» **YOUR TASK**: Up to and including the line with "近日,市公交公司汽車三隊(d", write out the listing from its first line, minus the pictures.

» **SOURCE RECORDS**:
################

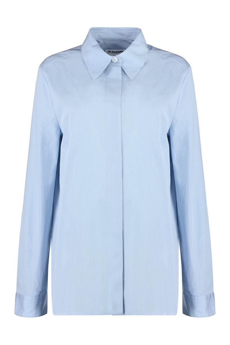 Striped cotton shirt Front hidden fastening 100% Cotton Gender: Women Material: COTTON Color: BLUE Made in: IT Product ID: J05DL0101J45174_494 *Import tax/duty will be calculated at checkout (If applicable)
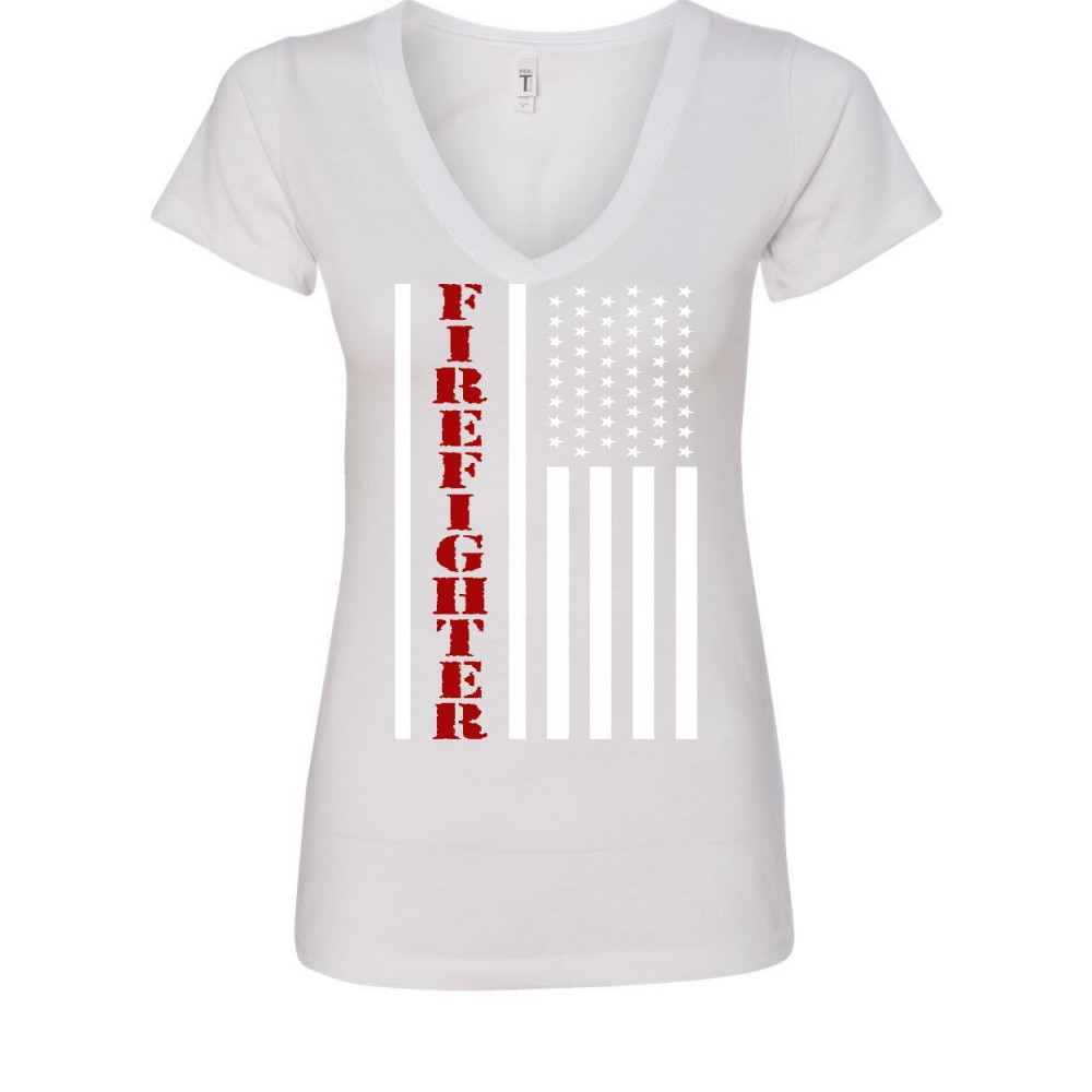 FIREFIGHTER STARS AND STRIPES women's v-neck t-shirt fire and rescue fire dept white
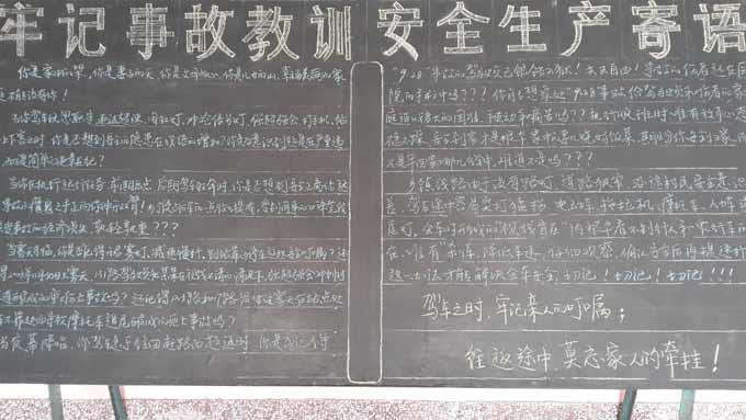 近日,市公交公司汽車三隊(duì)為貫徹落實(shí)好公司第四季度安委會(huì)的會(huì)議精神,做好駕駛員工安全教育,進(jìn)一步抓好車隊(duì)安全生產(chǎn)工作,一是針對(duì)鄉(xiāng)鎮(zhèn)線路的營(yíng)運(yùn)特點(diǎn),專門出了一期“安全生產(chǎn)黑板報(bào)”,二是專門制作了一幅以“注重安全,關(guān)愛生命”為主題的展板,擺放到大廳里,以此警醒和告誡廣大一線駕駛員,行車中要把安全放在首位,牢記遵紀(jì)守法,按章行車、謹(jǐn)慎駕駛、確保安全。
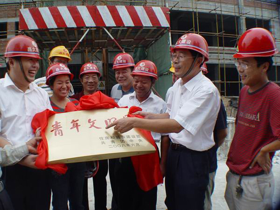 9月19日上午10時30分,為全國青年文明號——徐順福項目部舉行的揭牌儀式,在集團公司總部辦公樓前舉行。 揭牌儀式由市建設局副局長葛繼卿主持,山東省建設廳機關黨委常務副書記張普林,副書記金純龍,團委書記辛平,科長李學雷;共青團濰坊市委副書記李強;濰坊市建設局黨委副書記高峰;集團公司總經理、黨委副書記朱九洲,黨委副書記丁守起,監事會主席、紀委書記滕忠斌等出席了揭牌儀式。 在今天的揭牌儀式上,由辛平宣讀住宅和城鄉建設部、共青團中央的命名決定,全國青年文明號——徐順福項目部負責人徐順福做表態發言,高峰和張普林分別代表市建設局和省建設廳做了重要講話。 集團公司總部人員,部分基層單位、子公司的代表,各基層單位團組織代表,市建設局系統各單位團組織負責人共200余人參加揭牌儀式。 濰坊電視臺、濰坊日報社、濰坊人民廣播電臺、山東商報等多家媒體記者現場采集新聞。 榮獲全國青年文明號這一榮譽,這在集團公司的歷史上還是第一次。
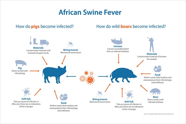 특히 항공기나 선박의 주방 등에서 유래한 음식물 쓰레기를 통해서 전염되기 때문에 국제적으로 오염된 돼지고기를 포함한 음식 찌꺼기를 돼지에게 주는 것이 위험을 높이는 요인으로 지목되고 있습니다. 아직 백신이나 치료 약이 없으며 사람에게는 전염되지 않습니다.
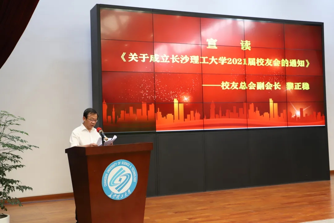 会上,黎正稳宣读了《关于成立长沙理工大学2021届校友会的通知》,公布了251名理事会成员名单并对2021届校友会的成立表示祝贺。
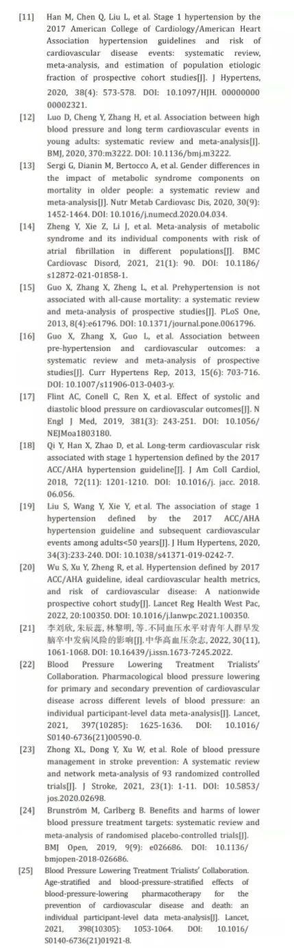 同时,该指南认为临床试验证据支持对符合 130/80mmHg 标准的人群进行降压治疗,能对心血管病风险产生显著改善。主要依据为汇总多个临床试验的最新荟萃分析结果的支持(原文文献 22~25)。
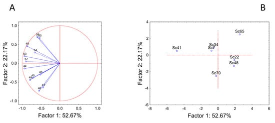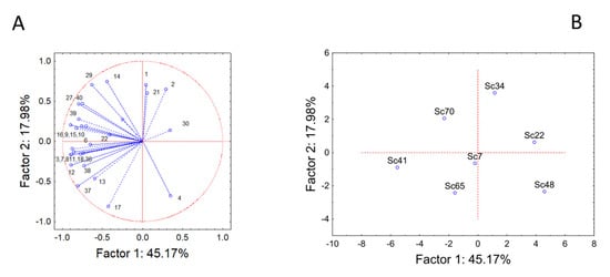 PCA run on alcohols accounted for 75% of the total variability. The input variables generally were related to component 1, except for the compounds 46 (1-pentanol, TL 80 mg/L), 47 (4-methyl-1-pentanol, TL 50 mg/L), 50 (cis-3-hexen-1-ol, TL 0.4 mg/L) and 56 (benzyl alcohol), which showed a correlation with the factor 2 (factor correlations between 0.64 and 0.73) (Figure 4A). The factorial distribution of the strains reproduced the distribution in three classes, as reported for the PCA with the total amounts of the different classes. In fact, strain Sc41 showed a completely different trend from all other strains, as it generally produced a high amount of all alcohols. In the other groups, strains Sc34 and Sc7 showed a similar trend, as well as strains Sc22 and Sc48 (Figure 4B).

################

» **RESPONSE BOX**:
 Striped cotton shirt Front hidden fastening 100% Cotton Gender: Women Material: COTTON Color: BLUE Made in: IT Product ID: J05DL0101J45174_494 *Import tax/duty will be calculated at checkout (If applicable)
 FIREFIGHTER STARS AND STRIPES women's v-neck t-shirt fire and rescue fire dept white
 近日,市公交公司汽車三隊(duì)為貫徹落實(shí)好公司第四季度安委會(huì)的會(huì)議精神,做好駕駛員工安全教育,進(jìn)一步抓好車隊(duì)安全生產(chǎn)工作,一是針對(duì)鄉(xiāng)鎮(zhèn)線路的營(yíng)運(yùn)特點(diǎn),專門出了一期“安全生產(chǎn)黑板報(bào)”,二是專門制作了一幅以“注重安全,關(guān)愛生命”為主題的展板,擺放到大廳里,以此警醒和告誡廣大一線駕駛員,行車中要把安全放在首位,牢記遵紀(jì)守法,按章行車、謹(jǐn)慎駕駛、確保安全。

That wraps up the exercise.